Any one know what happened to him, He used to post here regularly.


----------



## poppop1

I wondered the same thing, he knew his stuff and was like the welcoming committee for the forum, we discussed a few things on some PM's, hope he his well.


----------



## RuddeDogg

Hey guys I'm doing fine. I'm retired now and enjoying life. Don't post up anymore here. Way too much drama. Wish you all the best. Tight lines.


----------



## firstcatch

RuddeDogg said:


> Hey guys I'm doing fine. I'm retired now and enjoying life. Don't post up anymore here. Way too much drama. Wish you all the best. Tight lines.


It seems all of the forums are going 'south' due to 'drama'. Why can't we all get along?


----------



## lawluvs

This forum posted the least amount of drama in my opinion. other fishing forums are a lot worse. people turn into a "dylan roof" when you share how, what, and where you fish. heavy sigh ....


----------



## Jollymon

I use to fish in and around Cape May back in my high school days, Your posts reminded me of those days. 
That's why when you stopped I wondered if you had gone back to the Big Island 
Good luck with your retirement, enjoy your time, I retired too and planning on going to fish more .


----------



## RuddeDogg

I was here way back in the day when the boards were great. This has become just as bad as Bassbarn and SOL. EVERYONE is an expert. Sorry to say there is NO SUCH thing. Especially in this game.


----------



## Orest

Hey Dogg ,

Hope you and your wife are doing well.

How is the family? One of your last post you had a little one ill.


Hope all is well now.


Enjoy your retirement.


----------



## Jason Mason

The drama ran a lot of people away


----------



## jay b

The board does have a lot of "Man-drama" but that's everywhere and you can choose to ignore it, or get a good laugh at the ignorance. 

I still frequent the board and if you ignore the BS, share some reports, read the good posts you can still learn and share just like the "old days" ...


----------



## sophiagrace77

Haha  this is really so cool, @RuddeDogg just answer as @Jollymon post this thread.

Hey @RuddeDogg enjoy your life will we see you back


----------



## fish bucket

"drama" is everywhere......just weed through it and enjoy the good posts


----------



## Jollymon

I saw in the Lounge in the "What up" thread that Cdog said that Rude Dogg had passed away , Didn't know if any of you saw that . Back when I was just lurking this site I would read his posts he was a wealth of knowledge ,


----------



## poppop1

Yes he was, I had talked with him years ago on the phone about striper fishing and fluorocarbon leaders, I believe his first name was Paul, fairly young man too, sad to say the least.


----------



## BubbaHoTep

poppop1 said:


> Yes he was, I had talked with him years ago on the phone about striper fishing and fluorocarbon leaders, I believe his first name was Paul, fairly young man too, sad to say the least.

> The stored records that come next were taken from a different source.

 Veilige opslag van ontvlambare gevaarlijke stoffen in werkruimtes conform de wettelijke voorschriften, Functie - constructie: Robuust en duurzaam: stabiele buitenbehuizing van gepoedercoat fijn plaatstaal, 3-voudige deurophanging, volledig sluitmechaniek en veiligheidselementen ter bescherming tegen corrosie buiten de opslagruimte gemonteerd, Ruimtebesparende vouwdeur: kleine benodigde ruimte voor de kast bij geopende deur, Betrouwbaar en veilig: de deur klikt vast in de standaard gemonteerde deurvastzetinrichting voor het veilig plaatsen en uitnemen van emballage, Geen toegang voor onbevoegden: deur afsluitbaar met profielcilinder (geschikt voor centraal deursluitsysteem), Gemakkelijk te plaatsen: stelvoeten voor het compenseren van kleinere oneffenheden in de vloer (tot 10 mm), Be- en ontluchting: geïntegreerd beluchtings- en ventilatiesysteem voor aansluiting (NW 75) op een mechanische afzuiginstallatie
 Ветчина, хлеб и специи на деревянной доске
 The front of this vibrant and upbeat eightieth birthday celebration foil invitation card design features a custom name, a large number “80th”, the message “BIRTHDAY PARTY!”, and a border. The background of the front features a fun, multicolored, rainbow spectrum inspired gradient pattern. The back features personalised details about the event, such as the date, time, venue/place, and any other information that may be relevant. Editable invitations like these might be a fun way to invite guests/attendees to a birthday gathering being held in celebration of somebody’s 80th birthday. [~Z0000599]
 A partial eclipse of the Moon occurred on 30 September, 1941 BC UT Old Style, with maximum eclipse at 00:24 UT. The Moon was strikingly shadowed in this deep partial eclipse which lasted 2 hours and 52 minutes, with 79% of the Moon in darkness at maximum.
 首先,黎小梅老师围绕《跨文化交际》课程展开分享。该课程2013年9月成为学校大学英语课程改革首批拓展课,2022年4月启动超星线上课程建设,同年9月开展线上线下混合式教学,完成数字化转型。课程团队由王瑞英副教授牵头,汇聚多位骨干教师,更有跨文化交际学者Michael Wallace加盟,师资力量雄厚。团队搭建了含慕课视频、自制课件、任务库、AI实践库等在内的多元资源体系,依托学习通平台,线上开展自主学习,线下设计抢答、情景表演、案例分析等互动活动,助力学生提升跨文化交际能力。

That's correct: his name was Paul. He and I used to talk on the phone about metals. I never got a chance to meet him, which I regret. Good dude IMO. RIP Dogg.


----------



## shaggy

The Dog, passed away a few months ago. We were setting a date for a Jersey fishing date. Heard the news, yet still hoping for a spring trip with the Boss Dog.


----------



## shaggy

He passed away a couple of months ago. I still chat with his his Bass Dog Kim. Spent some really good times.


----------